DATASET SECTION |

----------------

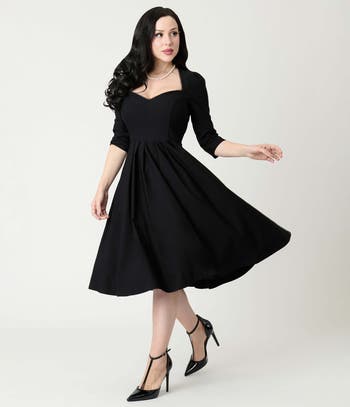 This beautiful dress from Unique Vintage is cast in a fabulous stretch blend fabric. The fitted bodice and sweetheart neckline are framed by three quarter length sleeves. The full knee length swing skirt is set with knife pleats and is nipped in by the back zipper closure!
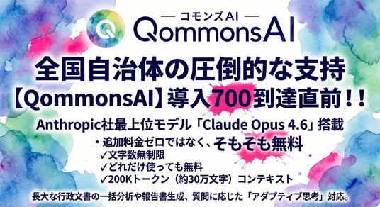 自治体行政のAXを推進するPolimill株式会社(本社:東京都港区/代表取締役:伊藤あやめ・谷口野乃花)は、行政向け生成AI「QommonsAI(コモンズAI)」に、Anthropic社の最上位モデル「Claude Opus 4.6」を標準搭載したことをお知らせします。Claude Opus 4.6は200Kトークンのコンテキストウィンドウと最大128Kトークンの出力に対応し、長文の一括分析と“崩れない”長尺生成を大幅に強化します。
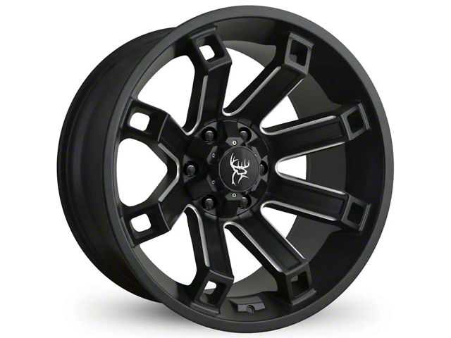 Buck Commander Hollow Point Satin Black Milled Spokes Wheel; 20x10; -35mm Offset. The Buck Commander Hollow Point Satin Black Milled Spokes Wheel offers a striking balance of style and refinement. Its unique design accentuates the vehicle's aesthetic, while the premium construction underscores its robust nature. This wheel is a perfect choice for those seeking both elegance and a strong visual statement.
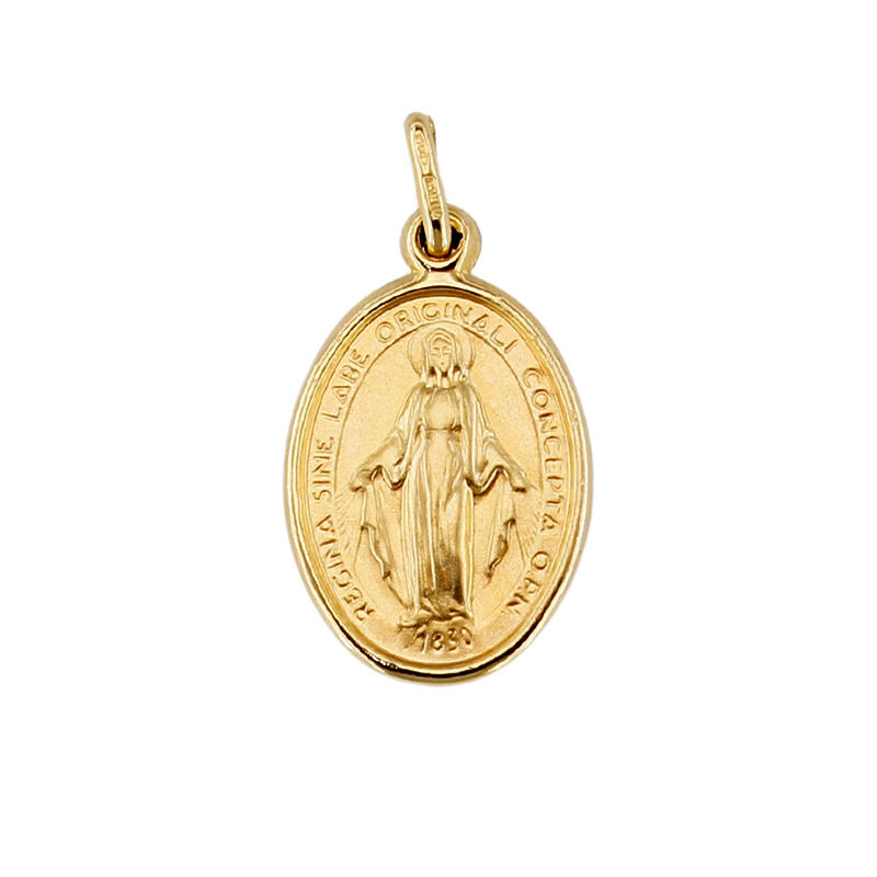 Ciondolo Collana Medaglietta Madonna di Lourdes Miracolosa In Oro Giallo 18 kt

----------------

TASK DETAILS | The result should be a word-for-word restatement of all the data, without images.

SOLUTION |
 This beautiful dress from Unique Vintage is cast in a fabulous stretch blend fabric. The fitted bodice and sweetheart neckline are framed by three quarter length sleeves. The full knee length swing skirt is set with knife pleats and is nipped in by the back zipper closure!
 自治体行政のAXを推進するPolimill株式会社(本社:東京都港区/代表取締役:伊藤あやめ・谷口野乃花)は、行政向け生成AI「QommonsAI(コモンズAI)」に、Anthropic社の最上位モデル「Claude Opus 4.6」を標準搭載したことをお知らせします。Claude Opus 4.6は200Kトークンのコンテキストウィンドウと最大128Kトークンの出力に対応し、長文の一括分析と“崩れない”長尺生成を大幅に強化します。
 Buck Commander Hollow Point Satin Black Milled Spokes Wheel; 20x10; -35mm Offset. The Buck Commander Hollow Point Satin Black Milled Spokes Wheel offers a striking balance of style and refinement. Its unique design accentuates the vehicle's aesthetic, while the premium construction underscores its robust nature. This wheel is a perfect choice for those seeking both elegance and a strong visual statement.
 Ciondolo Collana Medaglietta Madonna di Lourdes Miracolosa In Oro Giallo 18 kt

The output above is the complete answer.